Derivatives of klBin and the auxiliary function g(q) = klBin p q − 2 (p − q)²

The derivative of klBin p q with respect to q is (q − p) / (q (1 − q)). The derivative of (p − q)² is −2 (p − q).
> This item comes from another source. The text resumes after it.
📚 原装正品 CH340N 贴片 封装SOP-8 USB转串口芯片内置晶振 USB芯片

Their difference gives the factored form (q − p) · (1 − 2q)² / (q (1 − q)), whose sign reduces to sign(q − p).

theorem InformationTheory.hasDerivAt_klBin_q (p q : ℝ) (hp₀ : 0 < p) (hp₁ : p < 1) (hq₀ : 0 < q) (hq₁ : q < 1) : HasDerivAt (fun (q : ℝ) => klBin p q) ((q - p) / (q * (1 - q))) q

Derivative of klBin p · at a point q ∈ (0, 1) with p ∈ (0, 1).

theorem InformationTheory.hasDerivAt_sub_sq (p q : ℝ) : HasDerivAt (fun (q : ℝ) => (p - q) ^ 2) (-2 * (p - q)) q

Derivative of (p − q)² with respect to q.
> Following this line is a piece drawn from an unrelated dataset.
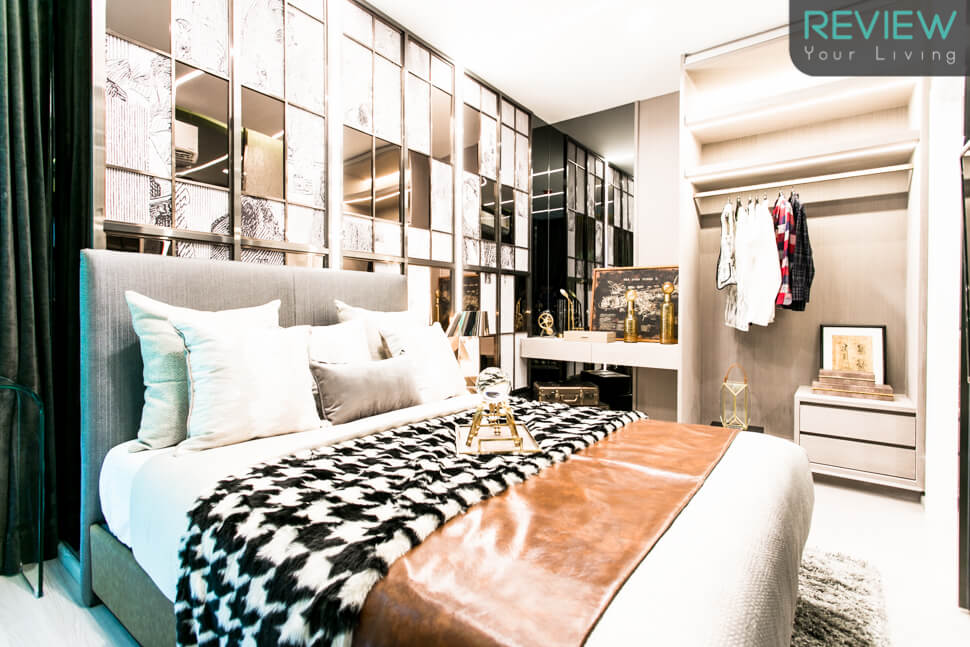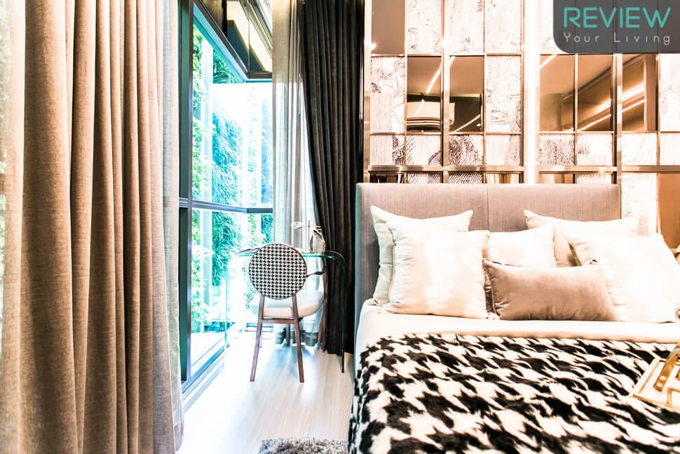 สุดท้ายที่ห้องนอนฝั่งขวามือของห้องค่ะ เป็นห้องที่วางเตียง 5 ฟุตไว้กลางห้อง พร้อมมีพื้นที่สำหรับ Built in ตู้เสื้อผ้า โต๊ะเครื่องแป้งได้ สำหรับห้องนี้มีจุดเด่นตรงที่ได้ Space ข้างหน้าต่างกระจก Full Height มีกระจกเข้ามุม ลึกเข้าไปจากหัวเตียง ทำให้เทควิวด้านนอกได้กว้าง ให้ความรู้สึกโปร่งโล่งได้มากกว่า
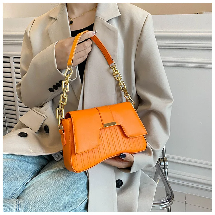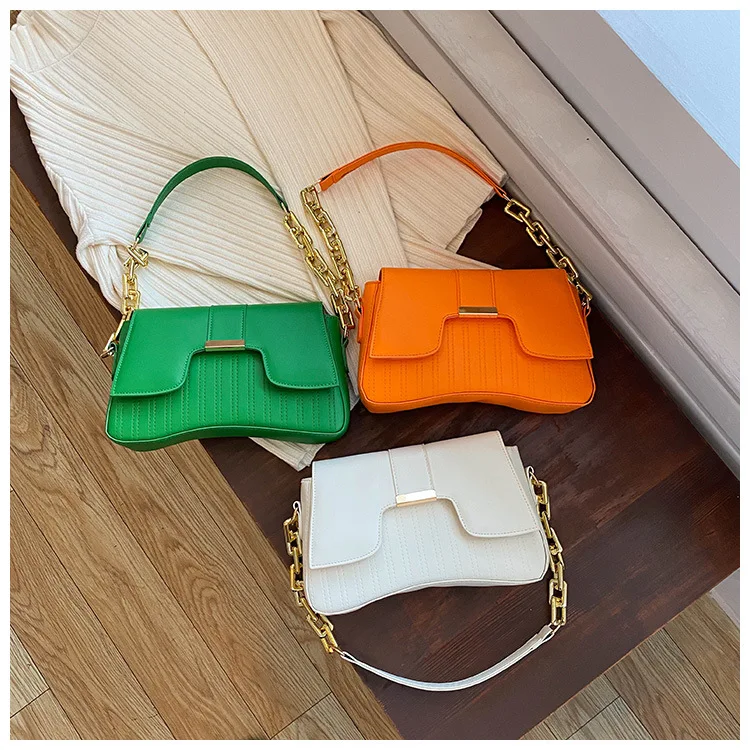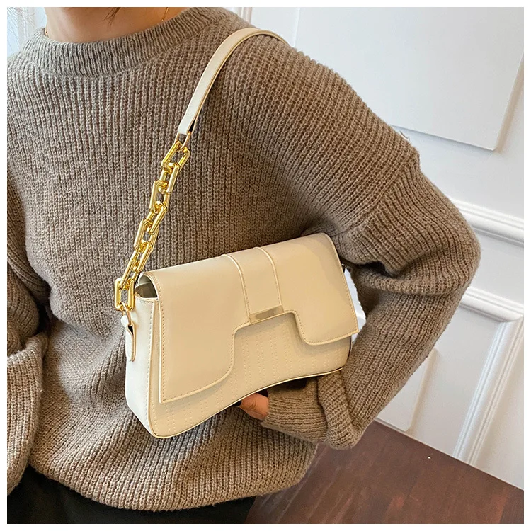 Victoria’s Vogue Fashion Acrylic Chain Shoulder Bag Ladies Handbags Casual Solid PU Leather Underarm Bags For Women Daily Used

theorem InformationTheory.hasDerivAt_g (p q : ℝ) (hp₀ : 0 < p) (hp₁ : p < 1) (hq₀ : 0 < q) (hq₁ : q < 1) : HasDerivAt (fun (q : ℝ) => klBin p q - 2 * (p - q) ^ 2) ((q - p) * (1 - 2 * q) ^ 2 / (q * (1 - q))) q

Factored derivative identity. Derivative of g(q) := klBin(p, q) − 2 (p − q)² has the factored form (q − p) · (1 − 2q)² / (q · (1 − q)), reducing the sign of the derivative to sign(q − p).